*Exercise instructions*
From the listing below, give again exactly the lines from the line with "Dámský komplet s" to the line with "at all times.", ends included, without any pictures.

*Given records*
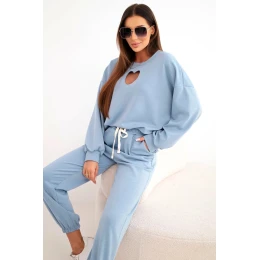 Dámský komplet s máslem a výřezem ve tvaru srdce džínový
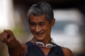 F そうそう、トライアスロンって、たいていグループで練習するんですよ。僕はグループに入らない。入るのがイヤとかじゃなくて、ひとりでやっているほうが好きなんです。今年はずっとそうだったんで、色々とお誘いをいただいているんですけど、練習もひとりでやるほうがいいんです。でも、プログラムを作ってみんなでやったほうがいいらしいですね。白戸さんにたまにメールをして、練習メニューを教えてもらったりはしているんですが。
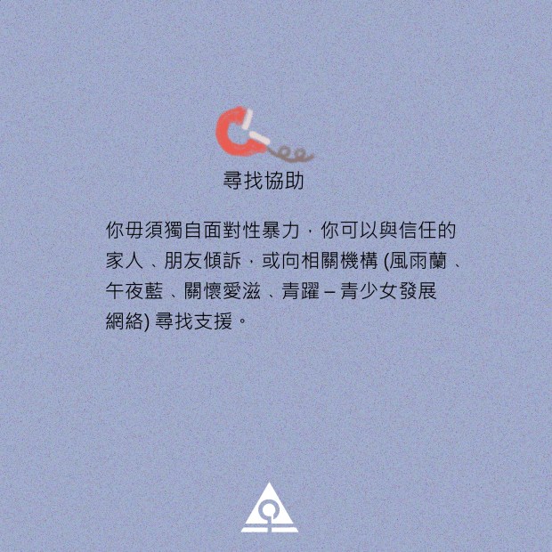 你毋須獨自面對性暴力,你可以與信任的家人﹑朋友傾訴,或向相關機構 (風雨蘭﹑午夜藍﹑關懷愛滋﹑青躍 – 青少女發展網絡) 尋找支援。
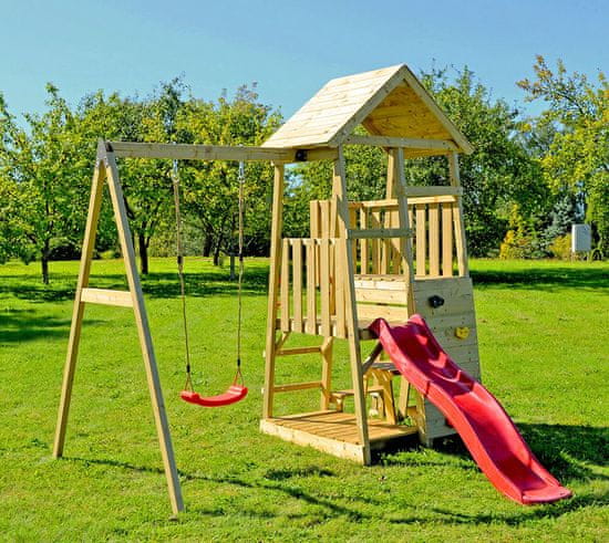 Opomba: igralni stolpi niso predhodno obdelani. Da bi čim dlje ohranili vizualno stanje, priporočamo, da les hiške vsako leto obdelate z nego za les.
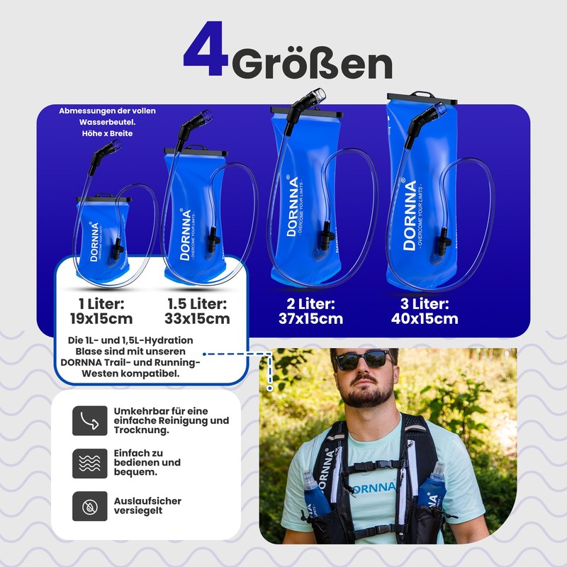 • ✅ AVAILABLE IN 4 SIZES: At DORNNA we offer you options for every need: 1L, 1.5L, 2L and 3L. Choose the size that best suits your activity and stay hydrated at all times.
---
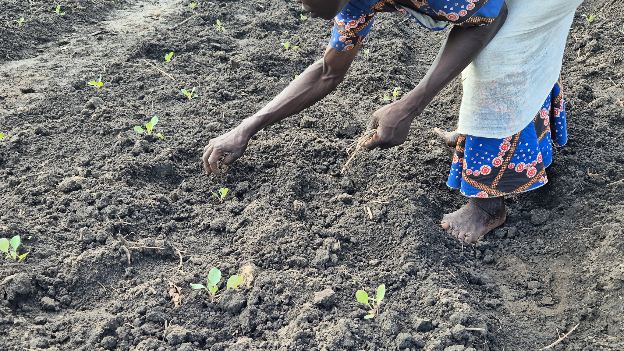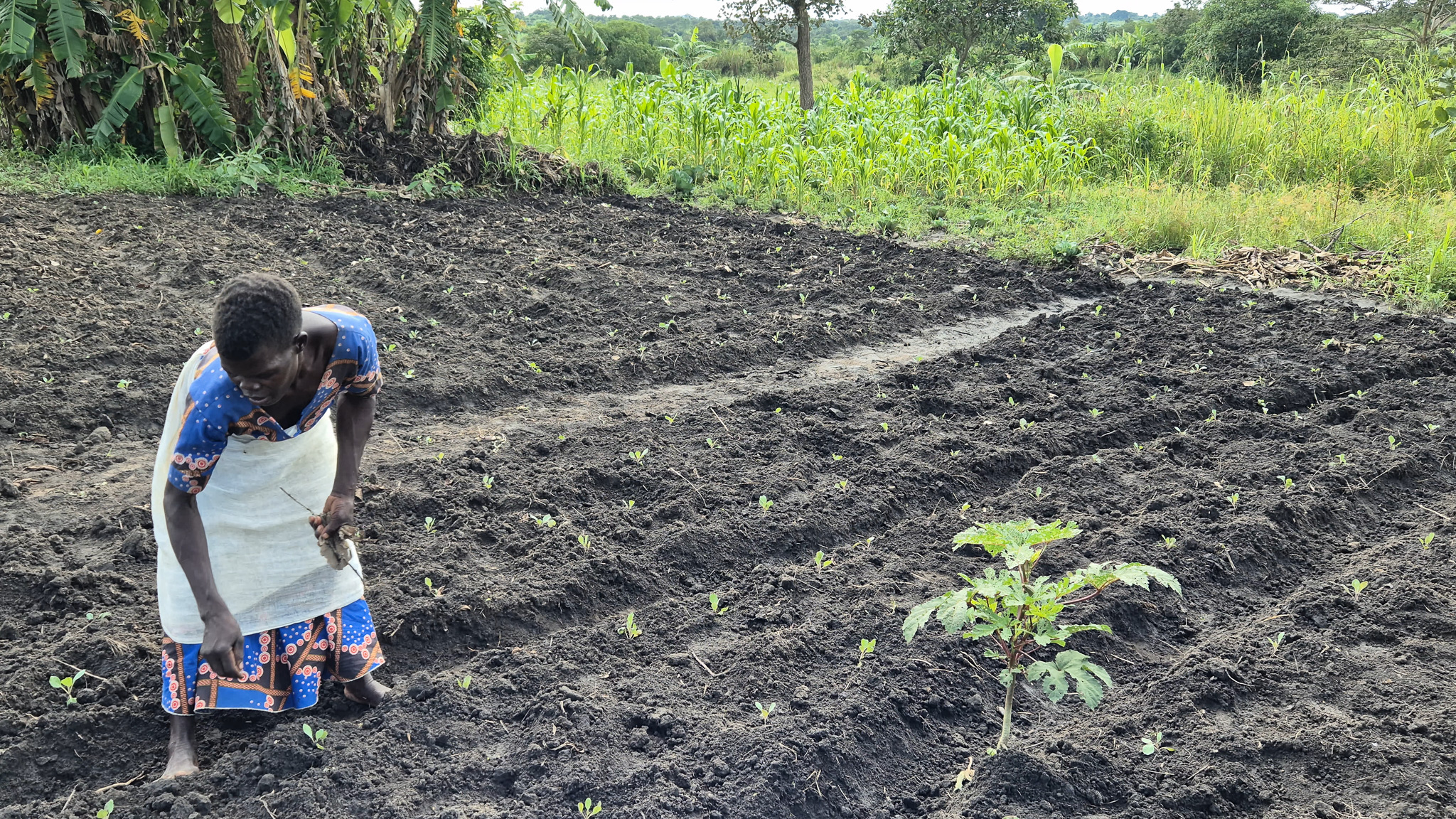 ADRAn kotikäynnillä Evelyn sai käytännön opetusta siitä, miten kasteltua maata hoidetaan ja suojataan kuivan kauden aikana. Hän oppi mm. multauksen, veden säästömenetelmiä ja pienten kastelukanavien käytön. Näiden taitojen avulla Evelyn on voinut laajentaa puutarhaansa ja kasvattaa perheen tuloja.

*Written answer*
 Dámský komplet s máslem a výřezem ve tvaru srdce džínový
 F そうそう、トライアスロンって、たいていグループで練習するんですよ。僕はグループに入らない。入るのがイヤとかじゃなくて、ひとりでやっているほうが好きなんです。今年はずっとそうだったんで、色々とお誘いをいただいているんですけど、練習もひとりでやるほうがいいんです。でも、プログラムを作ってみんなでやったほうがいいらしいですね。白戸さんにたまにメールをして、練習メニューを教えてもらったりはしているんですが。
 你毋須獨自面對性暴力,你可以與信任的家人﹑朋友傾訴,或向相關機構 (風雨蘭﹑午夜藍﹑關懷愛滋﹑青躍 – 青少女發展網絡) 尋找支援。
 Opomba: igralni stolpi niso predhodno obdelani. Da bi čim dlje ohranili vizualno stanje, priporočamo, da les hiške vsako leto obdelate z nego za les.
 • ✅ AVAILABLE IN 4 SIZES: At DORNNA we offer you options for every need: 1L, 1.5L, 2L and 3L. Choose the size that best suits your activity and stay hydrated at all times.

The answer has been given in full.